Dio la impresión de que nos topábamos con él por primera vez tras el asesinato de la presidenta de la Diputación de León. De pronto, frente a la unanimidad habitual en cada atentado terrorista, las redes sociales hicieron aflorar al debate público las reacciones de odio hacia ella. Lo peor no fue eso sino la justificación que algunos daban hacia esas reacciones. Que si era déspota, que si acumulaba cargos, que si era odiosa… como si cualquiera de esas condiciones le hiciera merecedora del tiro por la espalda. El siguiente paso aún resulta más desconcertante. Se trata de aquellos que claman por la libertad de expresión para reprochar la detención de quienes piden la muerte para algunos políticos. Son solo niños inconscientes; no hacen daño a nadie con un par de tuits; su persecución es fruto de una derecha casposa y recalcitrante, poco amante de las libertades. Es lo que estamos oyendo y leyendo en estos días.

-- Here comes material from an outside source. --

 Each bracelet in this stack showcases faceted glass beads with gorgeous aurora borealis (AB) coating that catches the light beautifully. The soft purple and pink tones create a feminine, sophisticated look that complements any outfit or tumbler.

Ahora se une la queja de las comunidades judías catalanas por las expresiones que ensalzan a Hitler y reclaman un nuevo Holocausto. El ministro del Interior ha prometido perseguir esos comportamientos y, si se derivan de ellos detenciones, ha asegurado que se harán. Y de nuevo se alzan voces que hablan de libertad de expresión cercenada. Unos creen resolverlo todo con la policía y es cierto que determinadas actitudes están tipificadas en el Código penal y por tanto éste debe cumplirse. Otros consideran que todo está permitido porque un tuit no mata. ¿Seguro?
Argumentan los judíos que sí y lo hacen con una amarguísima experiencia que algunos aún llevan tatuada en el brazo. A los hornos crematorios no se llega de la noche a la mañana en un país que vive en armonía. Se llega gota a gota hasta hacer rebosar el vaso. Se llega sembrando, regando y cultivando el odio para recoger después sus frutos. Por eso preocupa un tuit. Y 17.000 retuits. Y las miles de voces que aplaudan a quienes los publican y rechazan al “Estado opresor”. Hoy pueden ser ellos pero ¿quién nos asegura que un día no nos rechacen a los gordos, a los católicos o a los propietarios de un piso? Esa lección ya la conoce Europa.